C'est une surprise. Le Nouveau Front populaire est le premier des trois « blocs » opposés lors de ces élections législatives anticipées. Le NFP est (très) loin de la majorité absolue mais le rapport de force au sein de la nouvelle Assemblée nationale lui est favorable. L'alliance de gauche va tenter d'appliquer son programme, ou une partie. Voici ce qui sera posé sur la table au rayon fiscalité.

Attention, malgré les surprises du second tour des législatives 2024, aucun camp ne sort véritablement vainqueur de ces élections. L'alliance de gauche, qui réunit sous la bannière du Nouveau Front populaire (NFP) les partis LFI, PS, EELV, PCF ou encore Génération·s et Place Publique, a peu de chances de convaincre l'Assemblée nationale, disloquée en 3 voire 3,5 blocs (en comptant LR) distincts, d'appliquer son programme à la lettre. Mais le nouveau rapport de force devrait permettre au NFP de poser ses débats prioritaires. Rayon impôts, voici ses 3 chantiers majeurs.

1 - Impôt sur le revenu : passer de 5 à 14 tranches

Non seulement le vote d'un nouveau barème est loin d'être acquis, mais personne ne connaît précisément le projet de barème en 14 tranches. Mais alors, pourquoi est-il parfois question d'une tranche à 90% ? Car c'est ce que proposaient des députés LFI dans un amendement... remontant à décembre 2021. Et c'est ce qui était écrit dans le programme « Mélenchon 2022 » : « Le taux marginal sur la plus haute tranche de revenus, au-delà de 400 000 euros par an, est fixé à 90% (somme de l'IR et de la CSG) ». Nuance d'importance, déjà, la tranche à 90% s'entendait CSG incluse.

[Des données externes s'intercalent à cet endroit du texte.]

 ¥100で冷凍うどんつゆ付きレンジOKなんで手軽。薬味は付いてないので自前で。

Impôt sur les revenus : 14 nouvelles tranches pour le barème, ça change quoi ?

Certes, le « simulateur de la révolution fiscale » hébergé sur le site de La France insoumise brouille les cartes. Car il propose de « simuler votre imposition avec le Nouveau Front Populaire en 10 secondes ». Or, après vérification par MoneyVox, en comparant avec le simulateur officiel de la DGFiP, on comprend que le calcul mesurant « l'imposition actuelle » est basé sur le barème de l'impôt sur le revenu en vigueur en 2022... Version « présidentielle 2022 » et non « législatives 2024 », donc.

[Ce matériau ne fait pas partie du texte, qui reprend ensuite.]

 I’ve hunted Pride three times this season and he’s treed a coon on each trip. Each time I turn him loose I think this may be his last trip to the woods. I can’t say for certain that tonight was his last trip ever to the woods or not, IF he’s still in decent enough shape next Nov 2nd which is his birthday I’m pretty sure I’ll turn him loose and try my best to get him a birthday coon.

« Pour le coup, on n'a pas eu le temps, il faut qu'on refasse les calculs »

Alors, quid du barème NFP à 14 tranches version 2024 ? Le programme du Nouveau Front populaire reprend uniquement le principe d'« accroître la progressivité de l'impôt sur le revenu à 14 tranches ». Le détail du barème n'est pas précisé. Le principe serait le même qu'aujourd'hui : quand vous gagnez 100 000 euros par an (plus de 8 300 euros par mois), une partie de vos revenus sont taxés à 0%, une autre à 11%, une autre à 30% et ce qui dépasse 82 342 euros à 41%. Avec 14 tranches, les seuils seraient plus nombreux et les taux plus progressifs. Avec probablement des taux supérieurs au 45% en vigueur actuellement pour les hauts voire très hauts revenus.

Eric Coquerel, président LFI de la commission des finances de l'Assemblée nationale lors de la dernière législature, reconnaît dans 20 Minutes que le nouveau barème ciblé n'est pas défini : « Pour le coup, on n'a pas eu le temps, il faut qu'on refasse les calculs, mais l'objectif est le même. Dans les barèmes qu'on va mettre en place dans la progressivité, on fera en sorte que les gens qui sont en dessous de 4 000 euros ne paient pas plus d'impôts. »

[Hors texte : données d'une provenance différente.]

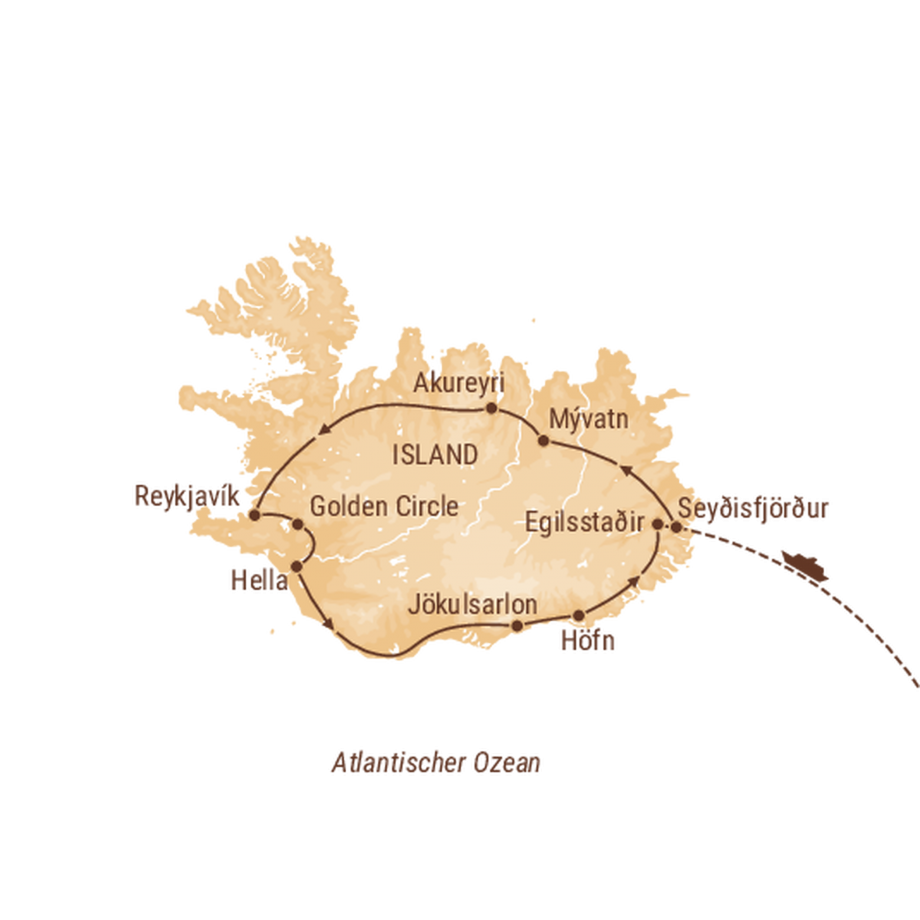 Je nach Wetter machen wir noch eine kleine Rundfahrt in der Region von Egilssatdir. Vielleicht erblicken wir das Flussmonster von Lagarfljot. Im Hafen von Seydisfjördur gehen wir erneut an Bord der Fähre und beziehen unsere Kabinen für die Rückfahrt nach Dänemark.

Suppression de la flat tax ?

« Supprimer la flat tax » : sur ce point, le programme est clair. Autant l'objectif d'un barème à 14 tranches est encore très flou, autant la suppression de l'actuel taux forfaitaire à 12,8% d'impôt sur le revenu pour les intérêts de placements financiers est affichée sans aucune ambiguïté. Si jamais cette suppression faisait consensus à l'Assemblée, les gains financiers seraient soumis au barème progressif de l'impôt, comme les revenus du travail.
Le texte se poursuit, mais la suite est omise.